NeurIPS Paper by Asst. Prof. Eric Jonas Delegates Spectroscopy to the Machines

February 04, 2020

It’s a rite of passage for every organic chemistry student: learning the difficult, laborious process of decoding spectroscopy data. For over 150 years, scientists and students have squinted at the peaks and valleys produced by these techniques in order to determine the molecular structure of a mystery sample. And in the computer age, many researchers have attempted to automate this “molecular fingerprint” analysis, with only limited success. 

But recent advances in machine learning, simulation, graph theory, and other computational approaches may have finally paved the way for automation of this chemistry lab linchpin. In a paper presented at the 2019 NeurIPS meeting, UChicago CS Assistant Professor Eric Jonas described a new technique for reading nuclear magnetic resonance (NMR) spectra, opening up new possibilities for chemical analysis and the design of new molecules using a “self-driving spectrometer.” 

“I think in the future, the ability to hand-read spectra will be much less important,” Jonas said. “It's such a natural fit for machine learning and such an important area for science.”

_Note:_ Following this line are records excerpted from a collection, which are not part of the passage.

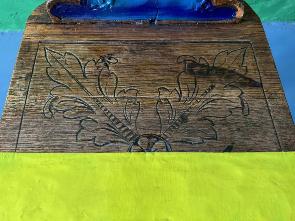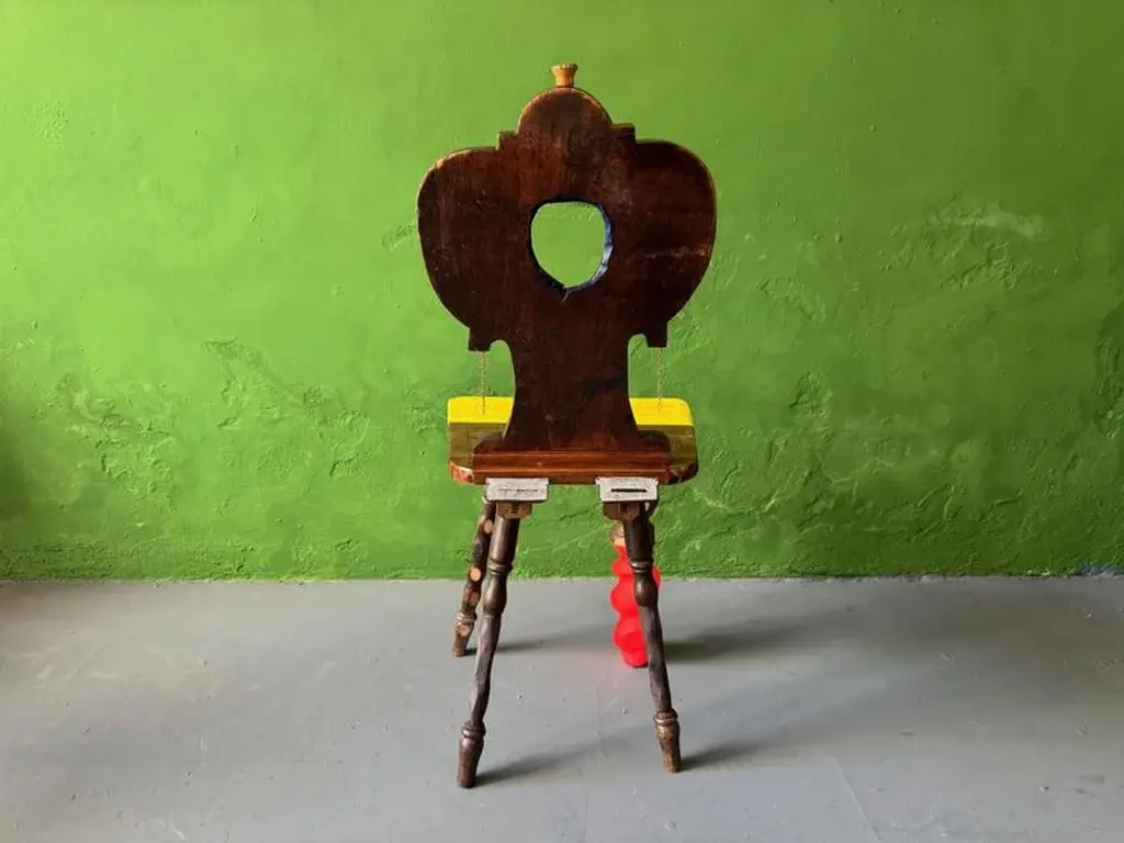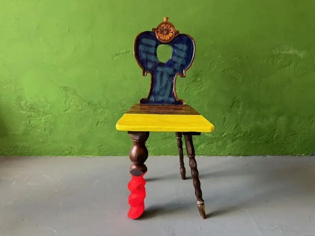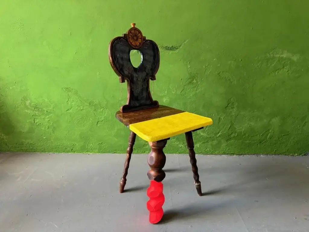My land is your land farm chair by markus friedrich staab one of a kind dimensions: d 45 x w 42 x h 86 cm. Materials: wood, lacquer, paint. Farm chair from austria, contemporized. this piece is attributed to the mentioned designer/maker. It has no attribution mark and no official proof of authenticity, however it is well documented in design history. I take full responsibility for any authenticity issues arising from misattribution
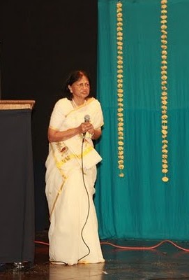 At the same time this thought ruled the day, I looked up onto the stage and saw the woman who I knew must be Sreedevi auntie standing there with some others near the pujya. I rose from my seat and went up to the front of the stage. Since we only knew each other from the Guruvayur group and had never met, as I looked up and she looked down I asked the silly question…”Do you recognize me?” She laughed and told me that of course she did. I handed her the mala, trusting that it would find its way to where it belonged.I went back to my seat and began chatting with Bhadra. When I looked up I saw that Sreedeviji had walked across the stage with the mala hanging from her wrist. I wondered what she would do with it!
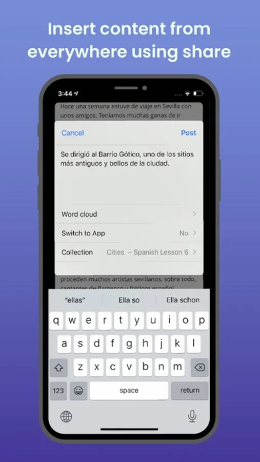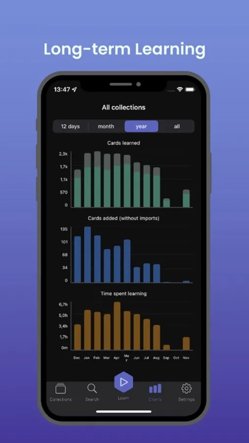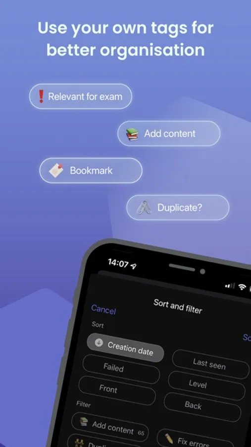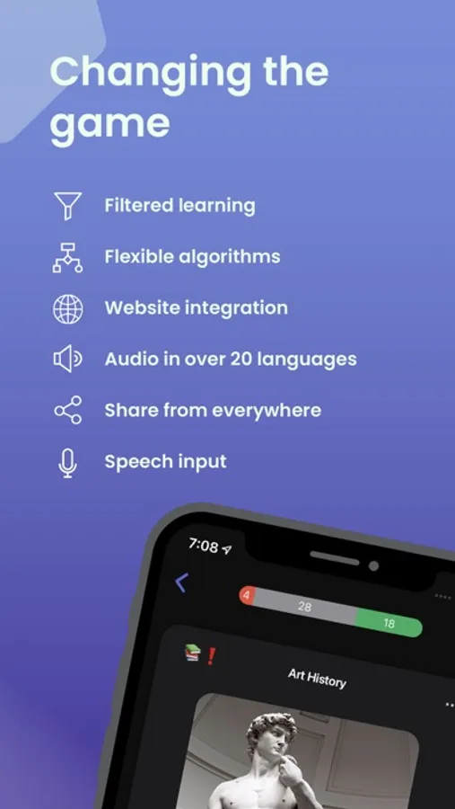 Learn flashcards with flexible algorithms, add content from any site or app. Hear and speak in all iOS supported languages and search with powerful filters in your cards.

Jonas’ paper, “Deep imitation learning for molecular inverse problems,” tackles what’s typically a one-way street between molecules and their spectra. If you know a given molecule’s structure, scientists (or computers) can very accurately predict the spectroscopy results a measurement will produce. But the reverse situation, where a scientist is handed spectroscopy data and asked to deduce the original structure, is far more difficult and time-consuming.  

“When you make a spectroscopic measurement of a molecule, it's going to tell you lots of things about, say, the bonds in that molecule or the local electronic environment of a particular nucleus,” Jonas said. “You get a lot of these different pieces of information, but putting those pieces of information back together is of course the hard part. That’s what chemists spend a lot of their day doing.”

But those same frustrations make reading spectroscopy data a natural candidate for machine learning. In the same way that an image classification neural network learns its own “rules” for determining whether a photograph is a dog or a cat, a similar model could figure out how to interpret the features of a spectra and make an educated guess about the structure it encodes. The problem, as with many machine learning applications, is finding enough data to train the model; for nuclear magnetic resonance spectroscopy, accurately measuring just one sample can take minutes to hours.

To remedy this shortage, Jonas and colleagues at De Montfort University in the UK first created a “fast-forward model” that created synthetic spectra data for over one million molecules. He then used that data to train a deep neural network, drawing upon imitation learning — a variant of reinforcement learning — to improve its accuracy in assembling molecular structures that fit the data input. 

“There's a very close mapping between the kind of problems that we think about for machine learning for graphs and the way we think about these kind of spectroscopic measurements,” Jonas said. “Part of our insight was recognizing that sequentially building a molecule where you have a known true answer can be treated as an imitation learning problem. I can show the model a tremendously large number of examples where I say, here's the partially assembled molecule, and here's the list of correct next edges. And it just has to learn how to go from a partially-completed molecule and observed spectral data to the right next edge.”

The novelty of that approach earned Jonas and the paper a spot at the 2019 Neural Information Processing Systems (NeurIPS) conference, one of the leading gatherings for machine learning research. But with some additional refinements, he hopes the technique will most significantly impact chemistry and other biological and physical sciences. 

Currently, the model only works on molecules made up of the four most common elements: carbon, hydrogen, oxygen, and nitrogen. But a system that can accurately and rapidly identify even small molecules could dramatically accelerate work in microbiome research, drug discovery, and other areas in perpetual search of new chemical structures. Automating the analysis of spectra could also open up a more active discovery process, where spectrometers not only provide measurements but also suggestions of where to look next in the pursuit of molecules with useful properties. 

“If we can develop algorithms that are good enough to understand the spectra, then we can start developing algorithms that are good enough to figure out the right next measurements to make,” Jonas said. “We're all very excited about the direction that active learning can potentially take us for this kind of scientific instrumentation.”